Could you retype the entries below exactly, omitting every picture?

DATA SUPPLIED.

=-=-=-=-=

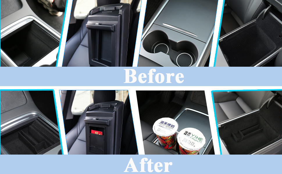 The Carwiner 5 PCS Center Console Organizer Tray is a custom-fit storage solution for Tesla Model 3 and Y (2021-2023). Crafted from scratch-resistant ABS plastic and soft rubber, it includes five components: a center console tray, armrest storage box, hidden cubby, cup holder, and sunglass holder. Designed for easy installation and enhanced organization, it secures your essentials while reducing noise and shock during drives.
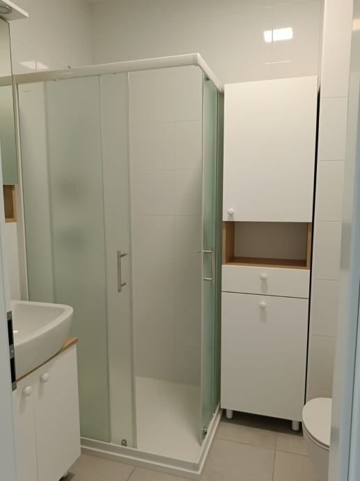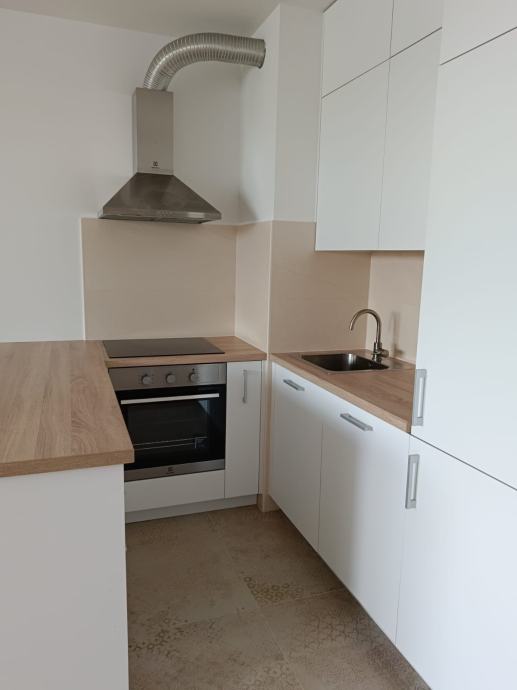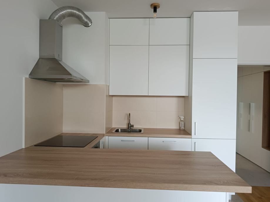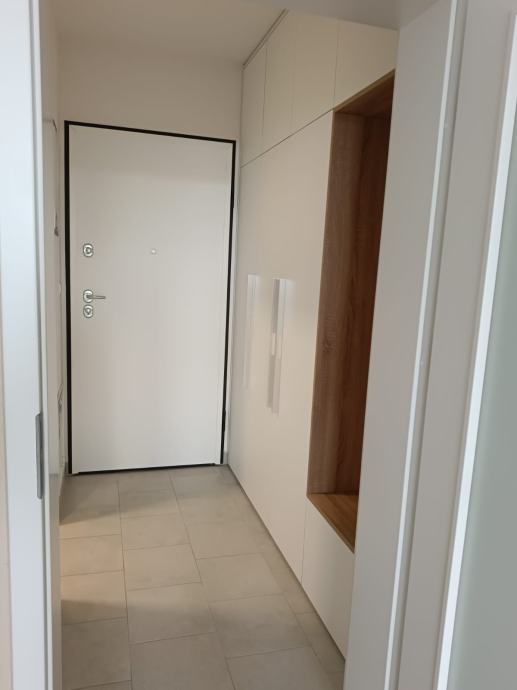 Stan je djelomično namješten, te je u cijenu stana uključen ugradbeni ormar u hodniku, ormarići u kupaonici i kompletno opremljena kuhinja, sve rađeno po mjeri. Kuhinja je opremljena uređajima marke Electrolux (indukcijska ploča, ugradbena pećnica, ugradbena perilca suđa, ugradbeni hladnjak i napa) .
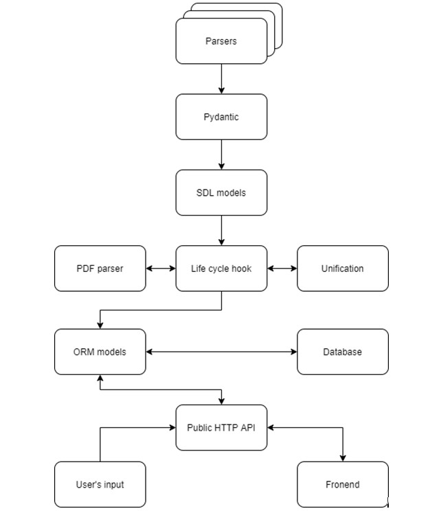 Полученные данные проходят валидацию с помощью Pydantic с целью исключения ошибок формирования записи. После чего данные переводятся в формат базы данных, сохраняя структуру и связь элементов. С помощью life cycle hook определяется завершение предыдущего этапа и происходит обработка входных данных, а именно унификация и извлечение текста из файлов формата PDF. Под унификацией понимается приведение написания текстов различных вариантов языка к единому для возможности поиска и структурирования данных. При унификации создается одноуровневая связь между исходным документом и унифицированным, которая описана ранее.
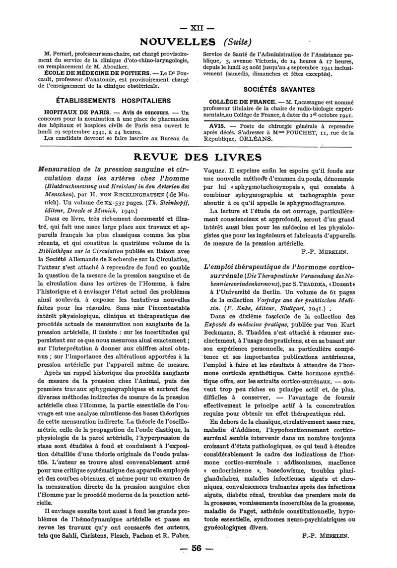 1941, n° 122, partie paramédicale. -
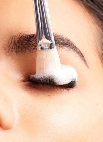 Using a gentle cleansing brush, lather your cleanser and swipe it over lids and eyelashes at the start of the appointment. Our Cloud Cleanse is formulated with Tea Tree water for its natural antibacterial properties, ensuring a thorough cleanse without using harsh chemicals on the delicate skin around the eyes.
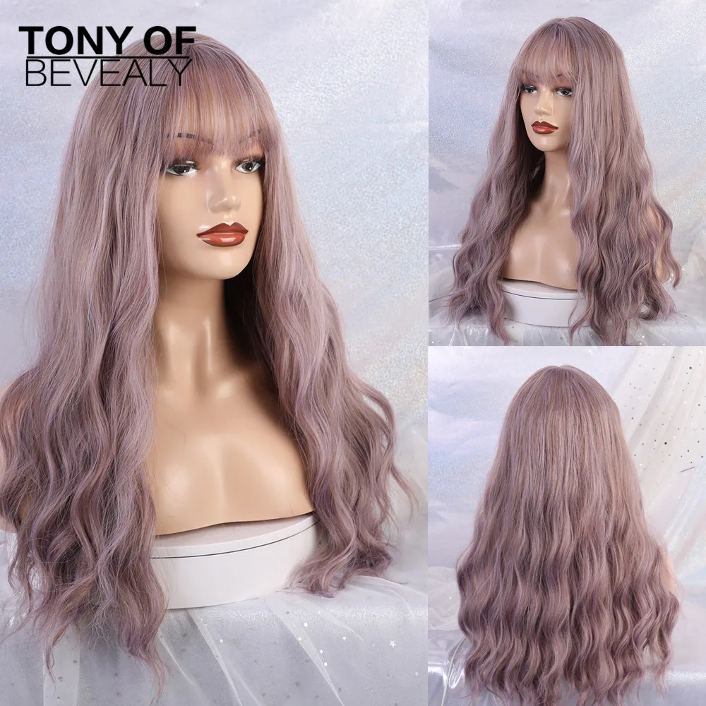 Синтетические парики, длинный волнистый светильник, коричневые натуральные волосы, парики с челкой для женщин, африканские и американские пушистые волосы, Термостойкое волокно
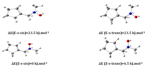The studied nitrones can exist into four isomers Z-s-cis, Z-s-trans, E-s-cis and E-s-trans. The Z/E are used for describing the stereochemistry of the double bonds C=N of the nitrones. The s-cis/s-trans are the conformations of a single bond separating two double bonds C=N and C=C (Figure 1).
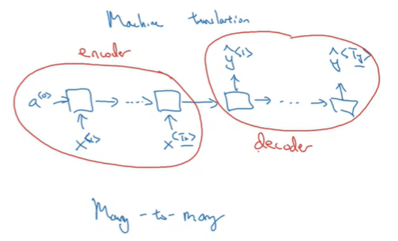 기계번역(machine translation)는 Many-to-many 아키텍처지만, 입력과 출력의 길이가 다를 수 있다. $ T_{x} = T_{y} $
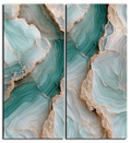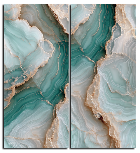 A diptych artwork that evokes the serenity of the deep sea and the opulence of the earth. "Calcite Currents" captures the fluid movement of opal, turquoise, and emerald veins. The soft green layers blend with creamy white waves and are dramatically accented by fine golden veins that add a touch of sophisticated glamour.
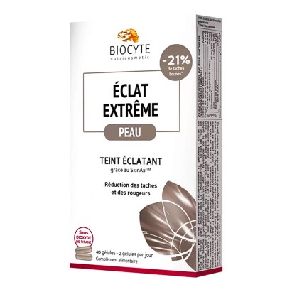 Biocyte Eclat Extreme Caps — пищевая добавка, разработанная для снижения выраженности гиперпигментации, осветления кожи и уменьшения покраснений. Формула подходит людям, которые стремятся выровнять тон лица, сделать его более сияющим и здоровым. Основу действия составляет комплекс активных компонентов, направленных на регулирование синтеза меланина, защиту клеток от окислительного стресса и поддержку здоровья кожи изнутри. Благодаря высокой биодоступности ингредиентов, продукт обеспечивает накопительный эффект, улучшая внешний вид кожи при регулярном применении.
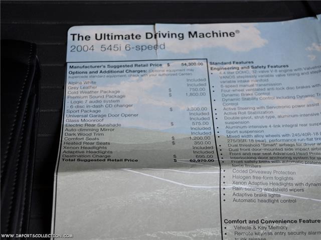 MSRP$67K 2004 BMW 545I SPORT. CLEAN CARFAX, CLEAN AUTOCHECK AND CLEAN TITIEL. BLACK SAPPHIRE METALLIC WITH GRAY DAKOTA LEATHER INTERIOR. WELL-EQUIPPED SPORT PACKAGE, PREMIUM SOUND PACKAGE, COLD WEATHER PACKAGE, REAR SEAT HEATING, HEATED STEERING WHEEL, SPLIT FORLD REAR SEAT, 18S AND MUCH MORE…
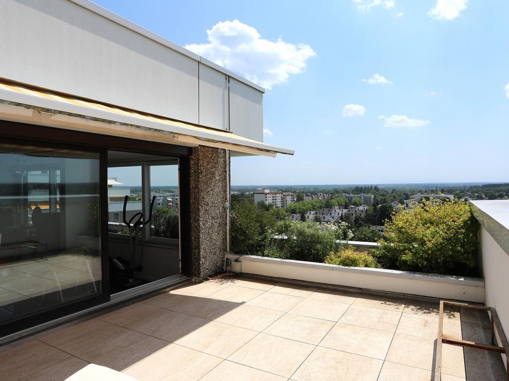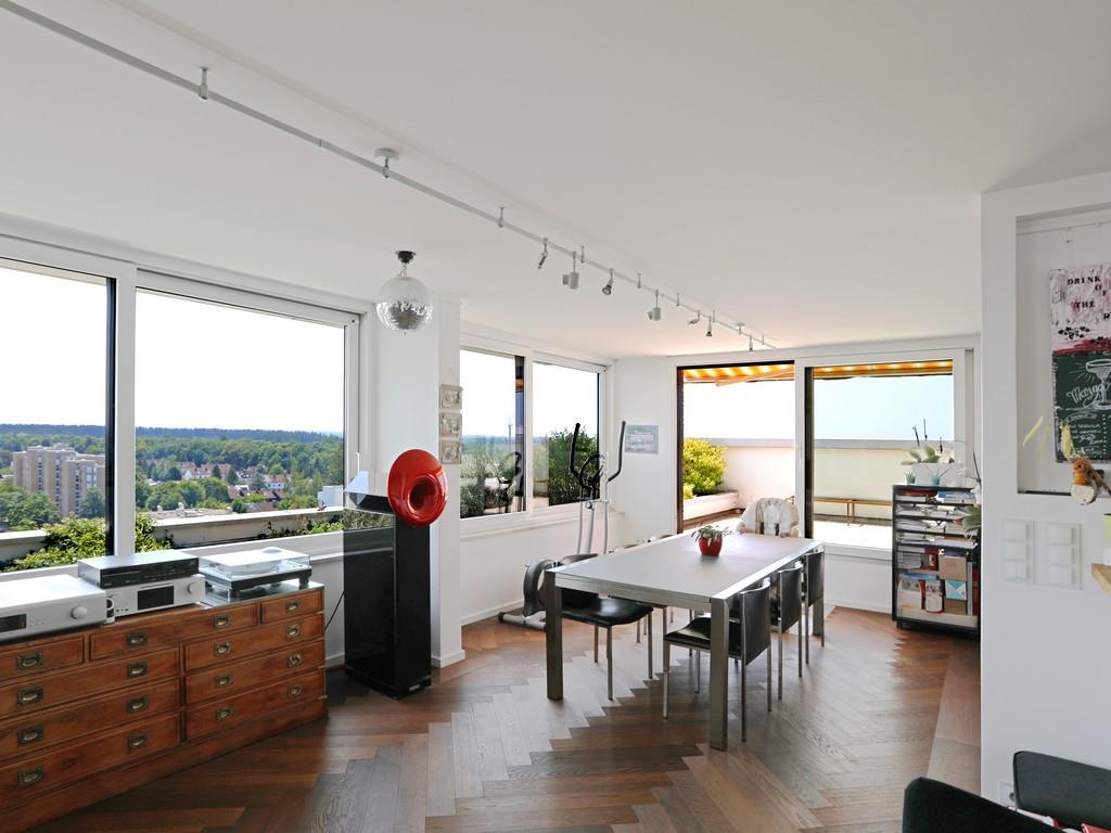 Die hier angebotene, lichterfüllte und gut geschnittene 4-Zimmer-Penthousewohnung befindet sich im zwölften und somit obersten Stockwerk und ist über das Treppenhaus oder über einen der beiden Aufzüge zu erreichen. Besonders hervorzuheben ist der Rundumblick in alle Himmelsrichtungen – mit Blick auf die Skyline von München sowie bei Fön mit wunderschönem Bergblick vom Wendelstein bis zur Zugspitze!

=-=-=-=-=

EXERCISE ANSWER.
 The Carwiner 5 PCS Center Console Organizer Tray is a custom-fit storage solution for Tesla Model 3 and Y (2021-2023). Crafted from scratch-resistant ABS plastic and soft rubber, it includes five components: a center console tray, armrest storage box, hidden cubby, cup holder, and sunglass holder. Designed for easy installation and enhanced organization, it secures your essentials while reducing noise and shock during drives.
 Stan je djelomično namješten, te je u cijenu stana uključen ugradbeni ormar u hodniku, ormarići u kupaonici i kompletno opremljena kuhinja, sve rađeno po mjeri. Kuhinja je opremljena uređajima marke Electrolux (indukcijska ploča, ugradbena pećnica, ugradbena perilca suđa, ugradbeni hladnjak i napa) .
 Полученные данные проходят валидацию с помощью Pydantic с целью исключения ошибок формирования записи. После чего данные переводятся в формат базы данных, сохраняя структуру и связь элементов. С помощью life cycle hook определяется завершение предыдущего этапа и происходит обработка входных данных, а именно унификация и извлечение текста из файлов формата PDF. Под унификацией понимается приведение написания текстов различных вариантов языка к единому для возможности поиска и структурирования данных. При унификации создается одноуровневая связь между исходным документом и унифицированным, которая описана ранее.
 1941, n° 122, partie paramédicale. -
 Using a gentle cleansing brush, lather your cleanser and swipe it over lids and eyelashes at the start of the appointment. Our Cloud Cleanse is formulated with Tea Tree water for its natural antibacterial properties, ensuring a thorough cleanse without using harsh chemicals on the delicate skin around the eyes.
 Синтетические парики, длинный волнистый светильник, коричневые натуральные волосы, парики с челкой для женщин, африканские и американские пушистые волосы, Термостойкое волокно
The studied nitrones can exist into four isomers Z-s-cis, Z-s-trans, E-s-cis and E-s-trans. The Z/E are used for describing the stereochemistry of the double bonds C=N of the nitrones. The s-cis/s-trans are the conformations of a single bond separating two double bonds C=N and C=C (Figure 1).
 기계번역(machine translation)는 Many-to-many 아키텍처지만, 입력과 출력의 길이가 다를 수 있다. $ T_{x} = T_{y} $
 A diptych artwork that evokes the serenity of the deep sea and the opulence of the earth. "Calcite Currents" captures the fluid movement of opal, turquoise, and emerald veins. The soft green layers blend with creamy white waves and are dramatically accented by fine golden veins that add a touch of sophisticated glamour.
 Biocyte Eclat Extreme Caps — пищевая добавка, разработанная для снижения выраженности гиперпигментации, осветления кожи и уменьшения покраснений. Формула подходит людям, которые стремятся выровнять тон лица, сделать его более сияющим и здоровым. Основу действия составляет комплекс активных компонентов, направленных на регулирование синтеза меланина, защиту клеток от окислительного стресса и поддержку здоровья кожи изнутри. Благодаря высокой биодоступности ингредиентов, продукт обеспечивает накопительный эффект, улучшая внешний вид кожи при регулярном применении.
 MSRP$67K 2004 BMW 545I SPORT. CLEAN CARFAX, CLEAN AUTOCHECK AND CLEAN TITIEL. BLACK SAPPHIRE METALLIC WITH GRAY DAKOTA LEATHER INTERIOR. WELL-EQUIPPED SPORT PACKAGE, PREMIUM SOUND PACKAGE, COLD WEATHER PACKAGE, REAR SEAT HEATING, HEATED STEERING WHEEL, SPLIT FORLD REAR SEAT, 18S AND MUCH MORE…
 Die hier angebotene, lichterfüllte und gut geschnittene 4-Zimmer-Penthousewohnung befindet sich im zwölften und somit obersten Stockwerk und ist über das Treppenhaus oder über einen der beiden Aufzüge zu erreichen. Besonders hervorzuheben ist der Rundumblick in alle Himmelsrichtungen – mit Blick auf die Skyline von München sowie bei Fön mit wunderschönem Bergblick vom Wendelstein bis zur Zugspitze!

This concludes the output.